User:Jules/analogbias

From XPUB & Lens-Based wiki

When faced with a totally new situation, we tend always to attach ourselves to the objects, to the flavour of the most recent past. We look at the present through a rear-view mirror. We march backwards into the future…
Marshall MacLuhan – (The Medium is the Massage)

During a symposium entitled the “Internetional”[1] initiated by Showroom Mama in Rotterdam, a panel was hosted to discuss Net Art and materiality. One common trait that the guest artists seemed to share was a convergence towards painting as a point of reference when it came to make their work recognisable as Art. Rafael Rozendaal for instance, stated that he is an Artist who “uses the Internet as his canvas”. Joel Holmberg declared that he liked his websites so much that he started painting them. For Jonas Lund, paintings became a tool to infiltrate and reveal the fluctuations of the Art market. It seemed to appear that, even for artists working with computer Networks, paintings maintain an overruling authority when it comes to recognition of Art as such. It could explain why their respective practices has been accepted within the Art world economy (galleries and institutions). This also makes me wonder if there could be a bias in intuitive considerations, such as considering a piece of Net Art as a definitive product that one could buy and own.

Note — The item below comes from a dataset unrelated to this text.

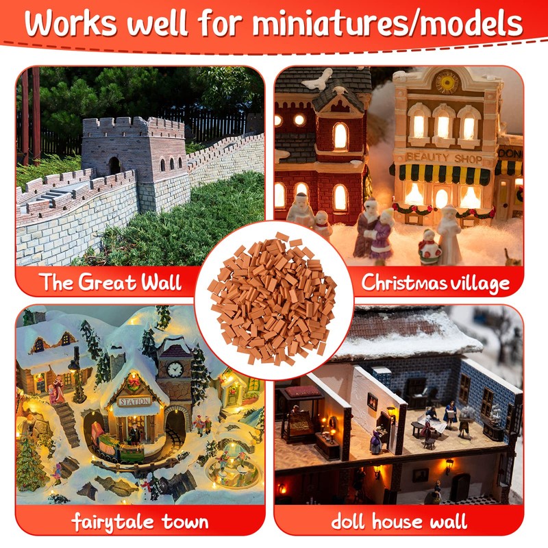 - Mini size: each tiny red bricks measure approximately 11 x 6 x 2.5 mm/ 0.43 x 0.24 x 0.1 inches, which is suitable for 1:35 scale doll house, allowing you to coordinate with glue and small tweezers to finish your miniature garden, tiny village or mini house

When it comes to to acquisition of Art pieces, we speculate over scarcity rather than artistic intension. Hence the fascination over the amounts of money spent for the acquisition of some paintings during auctions. It generates a value that can be transferred in the amount of labour one average human has to produce in their lives to equal this value. This value increases respectively with the historical value that attributes “grandeur” to the physical proof constituted by the artwork, which comes with its material properties. Those material properties traditionally could subsist longer for longer than a human can exist.

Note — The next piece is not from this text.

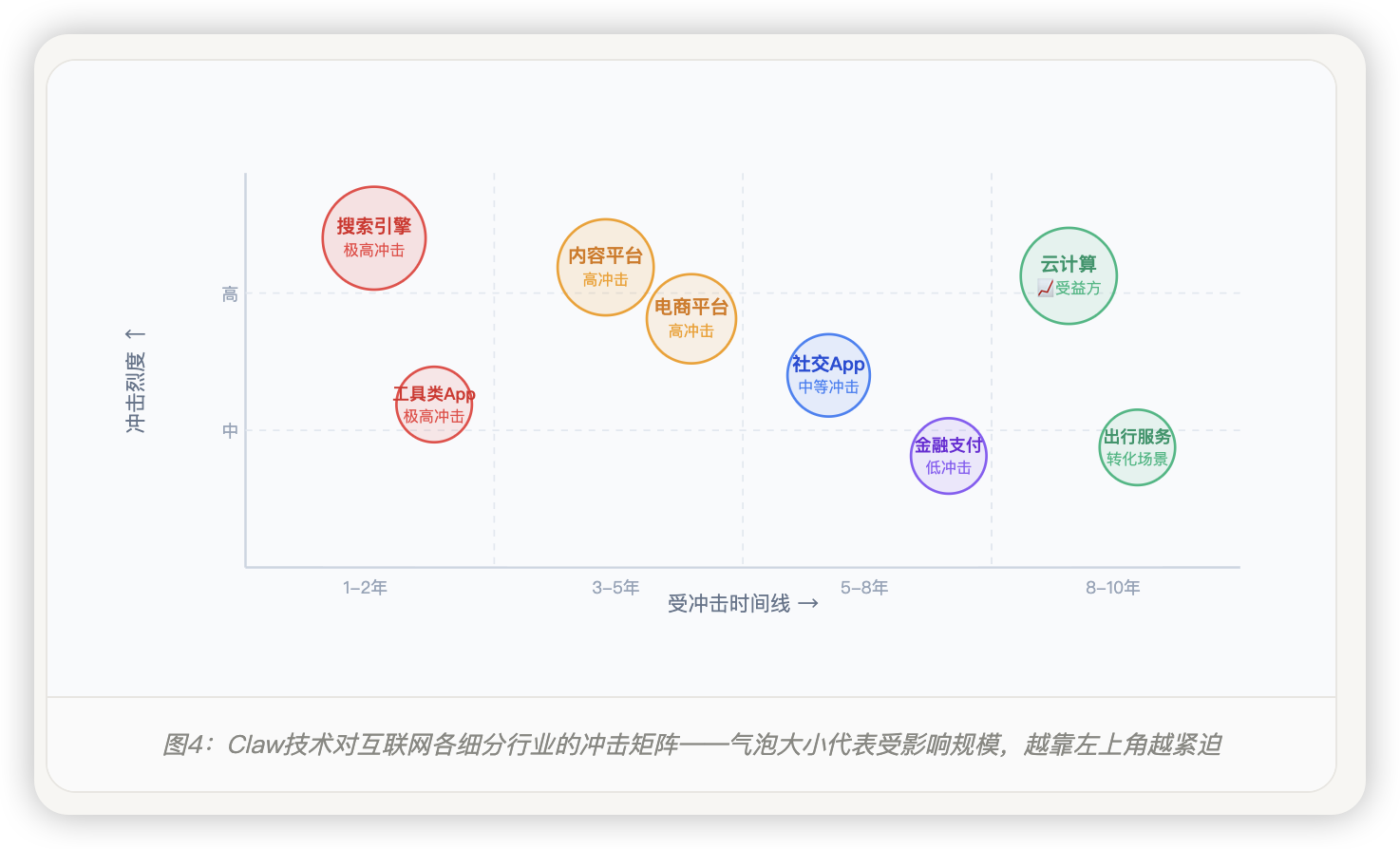 图4:Claw技术对互联网各细分行业的冲击矩阵——气泡大小代表受影响规模,越靠左上角越紧迫

The difficulty is that ownership, objecthood and materiality are challenged by practices relying on Digital Ecologies. Although we may perceive aspects of digital materiality, where we stand we are physically excluded from the site where the action happens. That is one of the main aspects of delegation. As a consequence, we may regard it with preconceptions on the basis of our past experience, on Art in this very case. It is highly possible that, to solve the problem of its recognition as Art, Born-Digital Art needs to be emancipated from a set of misconceptions, heritated from older Art forms. This takes us back to the very old problem of the comparison of the Arts. Before being elevated as the Art object by excellence, painting also suffered from a lack of recognition as Art that could stand as an equal to poetry. Those were the times of the Ut Pictura Poesis (a reinterpretation of Horace's De Arte Poetica). After the Italian Renaissance, painting was always the poor sister of poetry. “Poema pictura loquens, pictura poema silent”. While poetry was a picture gifted with speech, painting was an impaired, silent poem. This dogma was eventually violently criticised at the end of the XVIIIth century by Lessing in the Laocoon (The limits of Poetry and Painting). Lessing objected that The Ut Pictura Poesis was prescriptive for literature but not for painting. He recognised that poetry and painting had different characteristics (one being extended in time and the other in space). Therefore, trying to write poetry using painting as a device was just not relevant. The balance was eventually rectified by the fusion of the Art established under Romanticism. This example can make us consider that when a new practice emerges, rather than judging it through the model of what we had, we perhaps need to reconsider the whole domain of activity in which it sits, and that this may take some time.


Emulation, migration and static preservation may be reconsidered through methods applied to painting. Firstly, the re application of some layer of paint on the vanishing tints could be regarded as updating. This interference with the evolution of the document through time is a fight against the obsolescence of the material components. So far this method has always been satisfying enough as the updated paintings were not conceived for a material interaction with the environment they sit in. Also, the storing of painting in certain conditions, avoiding humidity can be regarding as an emulation approach: creating a friendly environment to fight the material decay of the work. One last example, which would resemble static preservation, is the recent decision made by the Vatican to put a limit cap over the amount of visitors allowed within the Sistine Chapel. To protect Michelangelo's frescoes from degradation[2]), the building around the works has to remain intact.